Hatch Consultancy has announced the Wales Early Careers Awards, a new national awards programme recognising organisations across Wales for excellence in early careers practice.
The inaugural ceremony is planned for 2027. The awards are built on Talent Yfory (“Tomorrow's Talent”), Wales' first Early Careers Social Value Index, published by Hatch in June 2026.
The index draws on responses from more than 450 apprentices, graduates, students and employers across Wales, using social return on investment (SROI) methodology to measure the wellbeing value generated by early careers pathways into work.
The findings make the case for structured pathways: apprenticeships generate approximately £14,000 of wellbeing value per participant and graduate programmes approximately £10,000, compared with £7,000 for non-structured entry-level roles. The index measures five dimensions of wellbeing: confidence, purpose, belonging and autonomy, alongside stress and anxiety, as well as the barriers young people face in accessing work in the first place.

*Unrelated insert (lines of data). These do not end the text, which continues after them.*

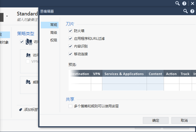 Step2:编辑访问策略,在层编辑器中勾选刀片的“应用程序和URL过滤”,“内容识别”,如下图:
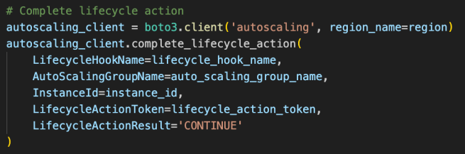 4. Configure lifecycle completion to notify the Auto Scaling Group when Lambda finishes
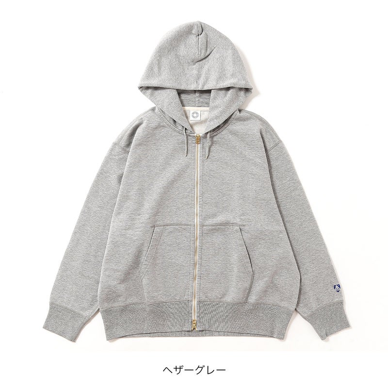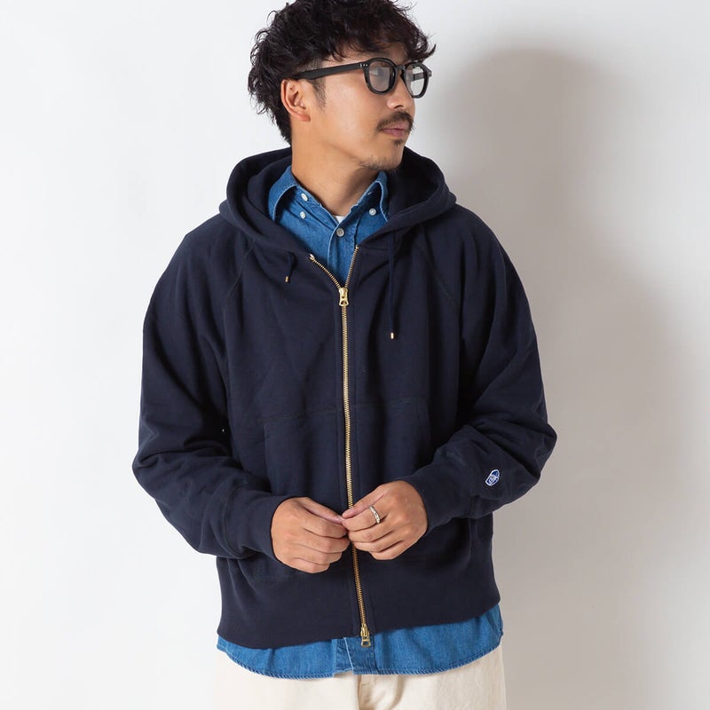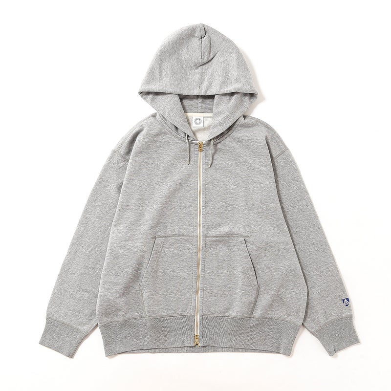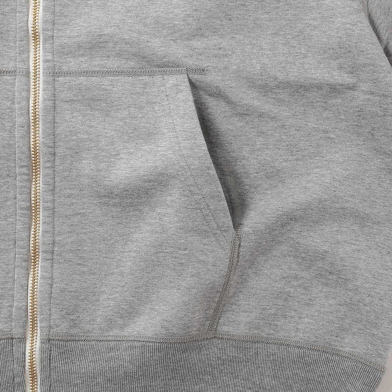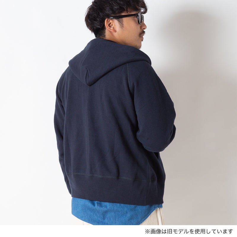 製品洗いを施し、古着のような風合いと絶妙な縮みバランスを表現したセットインスリーブのジップパーカースウェット。

Jack Taylor, Director of Hatch Consultancy, said:
“Wales has never had a way to properly measure the wellbeing and social impact of how young people move into work. Talent Yfory gives employers, colleges, universities and policymakers a shared evidence base on not just whether early careers programmes work, but what they're actually worth to the people going through them.”
The index and awards come as a UK Government interim report published in May warned of a “generational fault line” in how young people move from education into work, with the UK rate of those not in education, employment or training (NEET) passing one million for the first time in more than a decade.
Jack said:
“The Milburn interim report has diagnosed the crisis at UK level. Talent Yfory shows what it looks like in Wales and what the evidence says works here. Structured pathways like apprenticeships, graduate programmes, and quality work experience are part of the answer. If we know what ‘good' looks like, we can invest in what works and inspire more employers to do the same.
“And this isn't just about young people. If people are happy in their roles, they're more productive and they stay. There's a direct link between social return on investment and business return on investment. Wales can do better, and Talent Yfory is the benchmark to aspire to.”
Hatch is now building a founding partner group for Talent Yfory, with some of Wales' leading early careers employers already on board.
“The response to the 2026 index has been overwhelming,” said Jack. “I'm now building on that momentum with a founding partner group, and an awards programme feels like the natural next step for the index, giving Wales the chance to celebrate what good early careers practice actually looks like, together, in one room.”
Further details on the 2027 index, founding partnership and awards ceremony will follow in the coming months.